Per le vertigini. Su «Poesie» di Danilo Kiš, Finis Terrae, 2022, di Stefano Bottero

 

Nel 1973 Corrado Costa scrive: «gli oggetti continuano ad esistere. / il pittore tende a non avere nessuna possibilità / di esistenza». Osserva così che l’interruzione del continuum tra formalità e Significato nell’opera è discorso ontologico – non più, ormai, questione solamente estetica. In questi termini Costa focalizza il punto di rottura di una crisi epocale messa in moto, meno di settant’anni, prima da Paul Cézanne. Punto in cui – e da cui – l’essere forma dell’opera e la sua realtà affermata-affermante sono scisse del tutto. L’impossibilità di esistenza dell’artista è un fatto che si oppone alla materialità resistente dell’oggetto osservato, unica res che «continua». Generazionalmente parlando, in questa affermazione di Costa si avverte l’esaurirsi della dialettica occidentale esistenzialista del Ventesimo secolo. L’osservazione della fine non è più la fase terminale di un sistema di esistenza che prescrive il declino, ma una parte attuale dell’esser-ci.

Per Danilo Kiš tutto questo è radice poetica, impulso formale. Nei suoi versi, l’autore «jugoslavo che scrive in serbo-croato» (come secondo la definizione che dà di sé stesso) pone in essere questa specifica qualità tragica dello sguardo. Se anche l’oggetto osservato dall’artista, dal poeta, esiste e continua ad esistere, all’Io questa «possibilità di esistenza» è negata. Non si tratta, tuttavia, di premessa di annichilimento del sé, ma del percorso che porta all’espoliazione dall’assertività poetica. In bocca non più l’affermazione di sé – la violenza insita all’essere in vita, ma prossimi alla fine. Il senso del cambiamento interviene nel privato come sinonimo di manomissione: il dover finire è per Kiš non solo fenomeno empirico, ma realtà progressiva.

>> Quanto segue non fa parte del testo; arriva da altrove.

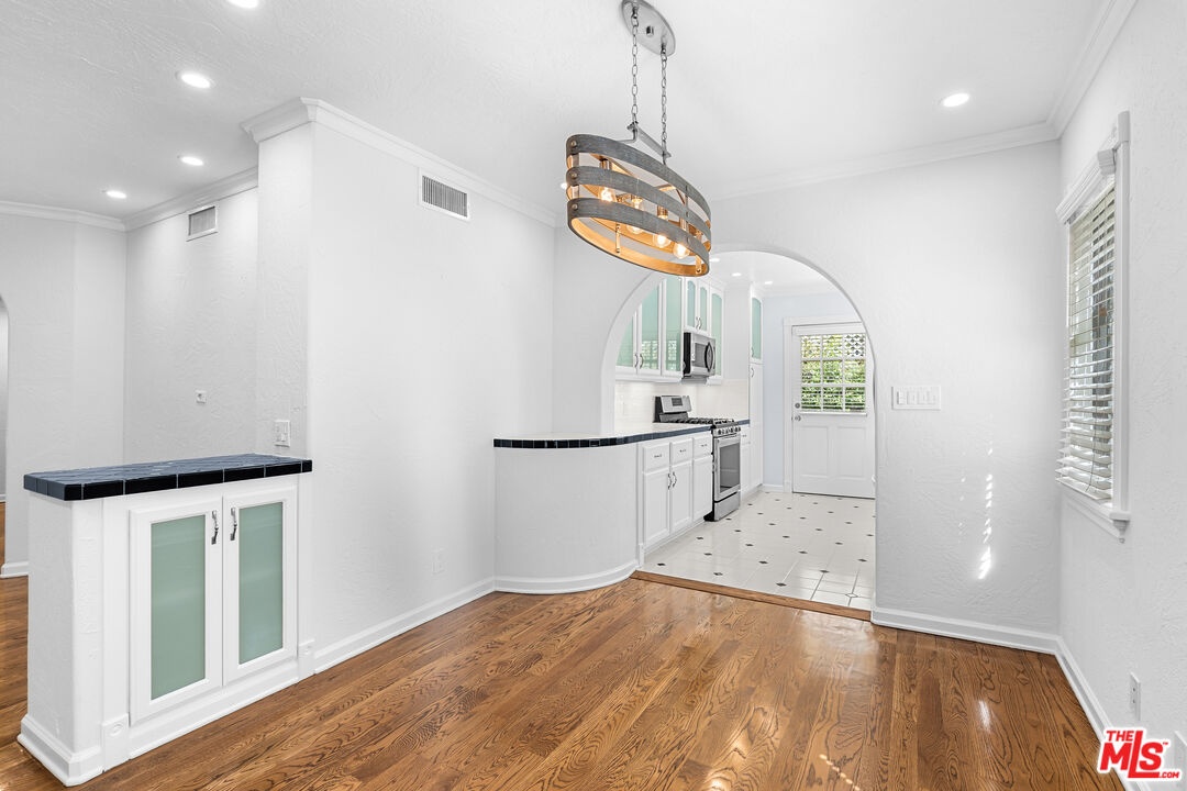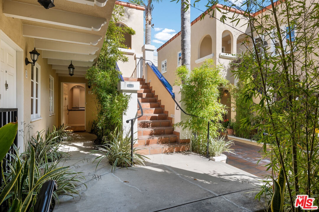Spanish charm with a modern flare! This 3-bedroom, 2-bathroom light & bright lower unit has everything you need + it's steps from the trendy Melrose Place/Melrose Avenue for great shopping, eating & the great farmer's market! Gated entry & lush courtyard leads you to what feels like a home with an open flow to the living room, dining area & kitchen. Enter to the private patio area from the kitchen & primary suite. Hardwood floors in the entertaining areas, LED recess lights, central AC, alarm system, window treatments, custom closets & more (currently light grey carpet in bedrooms NOT the color in pictures)! Gourmet kitchen with stainless steel appliances, stackable in-unit washer/dryer + 2 tandem parking spots (1 inside garage & 1 outside of garage.) French doors in the living room & primary with retractable screens. Community barbecue, fireplace & outdoor dining area in the back of the building. 3-building complex surrounded by tranquil fountains, trees & manicured grass + easy to reach property manager. Building is secure. Truly one-of-a-kind building! Come Check It Out!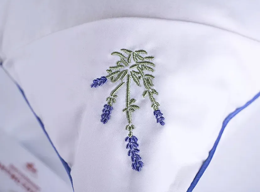 Технология пошива одеяла: Стежка на одноигольной машине по оригинальному цветочному рисунку, по периметру одеяла атласный кант. Дизайн одеяла дополнен удобным кармашком с оригинальной вышивкой, в который можно поместить саше, наполненное натуральными высушенными цветочками лаванды входящее в комплект этого изделия.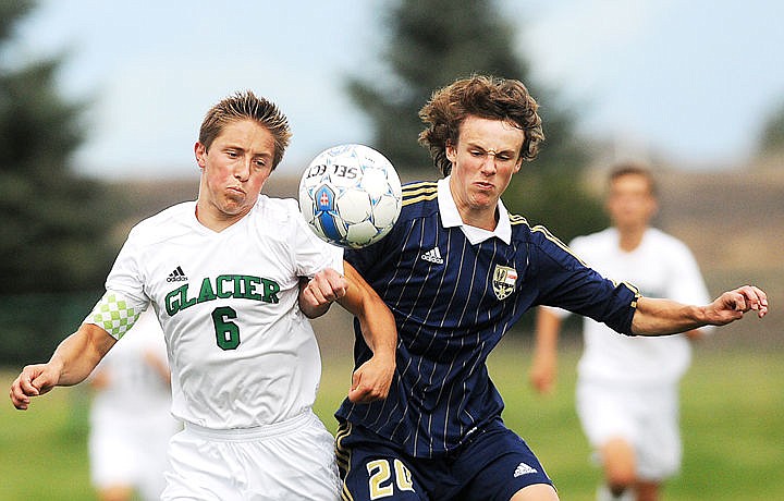 Glacier's Colton Becker fights off Big Sky's Walker Fromm to get to the ball during the Wolfpack's 6-1 blowout at home on Saturday. (Aaric Bryan/Daily Inter Lake)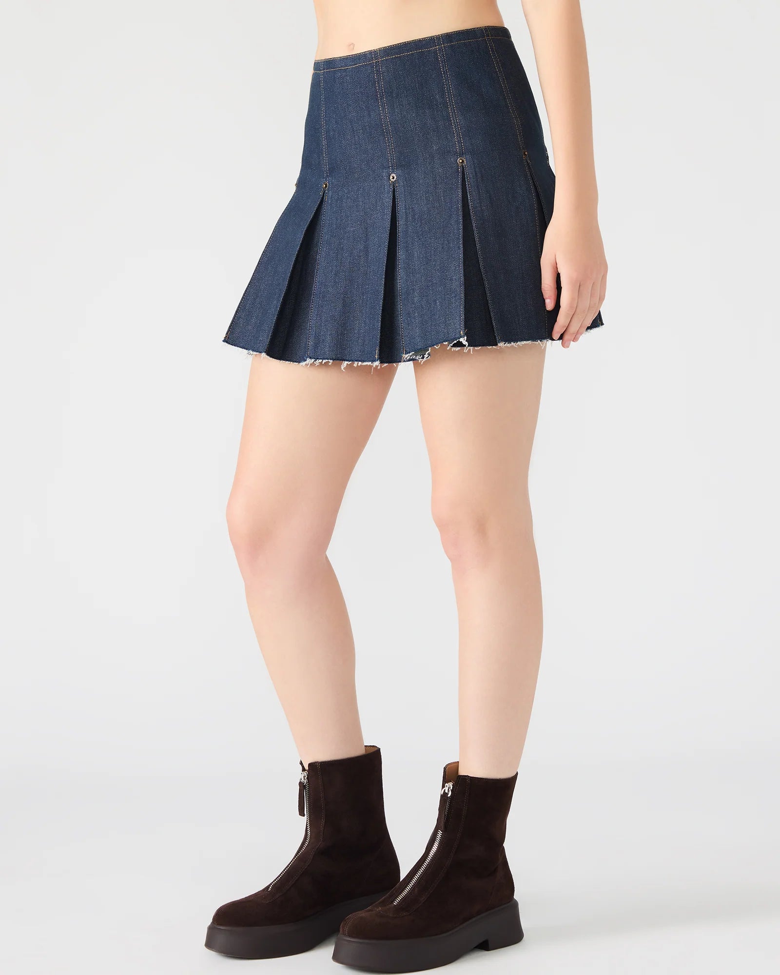 The JOAN features a pleated denim design that combines classic texture with modern structure. Its mini length and back zipper closure ensure a flattering fit and easy wear. Crafted to complement a matching set, this skirt offers a sophisticated yet casual option for versatile styling.

È una prassi costante, che orienta il rapporto dell’Io, del poeta, con la forma.

Quel che è successo
assomigli a molto a un aborto
dove fra coito e parto
si confondono i confini del tempo
e tutto succede
in una impossibile simultaneità

Queste ragioni orientano la scelta di copertina della recente edizione italiana delle poesie di Kiš – pubblicata in ottobre da Finis Terrae, a cura di Margherita Carbonaro e Slavo Šerc. La verticalità del legno, il suo scorrimento lineare, è mostrato dallo scatto di Carbonaro come una stratificazione ulteriore alla persona. Su di essa si svolge la profondità della muffa, dei licheni, della vita che non smette. È traiettoria di rinnovamento, profondità libera dalla stratificazione che attanaglia, al contrario, l’andamento del privato – di cui scrive:

qui niente è senza
memoria
queste sono ossa

le ruote sono azionate
dalle fasi lunari

di giorno ci giocano
i figli del sole
finché non crollano
per le vertigini

Il concetto si rivela con chiarezza guardando alle opere del pittore Leonid Seika inserite nell’edizione ungherese della raccolta. Se quello dell’Io è movimento destinato ad annodarsi, a spezzarsi per sua stessa specie, all’oggetto è garantita la complessità del co-esistere. La prospettiva lineare è infatti categoria della vita, esaltazione del percorso. Intercorsa la fine, essa non ha ragione di essere. I tratti si moltiplicano nell’indistinto, a guisa di sciame. Nei «passaggi dall’onirico al grottesco», come secondo i curatori dell’edizione, si manifesta la sua cifra come autore – tra le maggiori del suo tempo. Il correlativo figurale, indispensabile per intenderne l’essenza nella scrittura, ha il tratto pesante del grottesco, distorce le proporzioni e nega la prospettiva – motivo centrale nell’opera dello stesso Costa. L’osservazione della morte, in questo senso, si rivela come momento estremo di una dialettica paradossale: esistere nel non poter continuare a farlo. Il paradosso del descrivere le costruzioni di sabbia, appena prima che la riva si alzi.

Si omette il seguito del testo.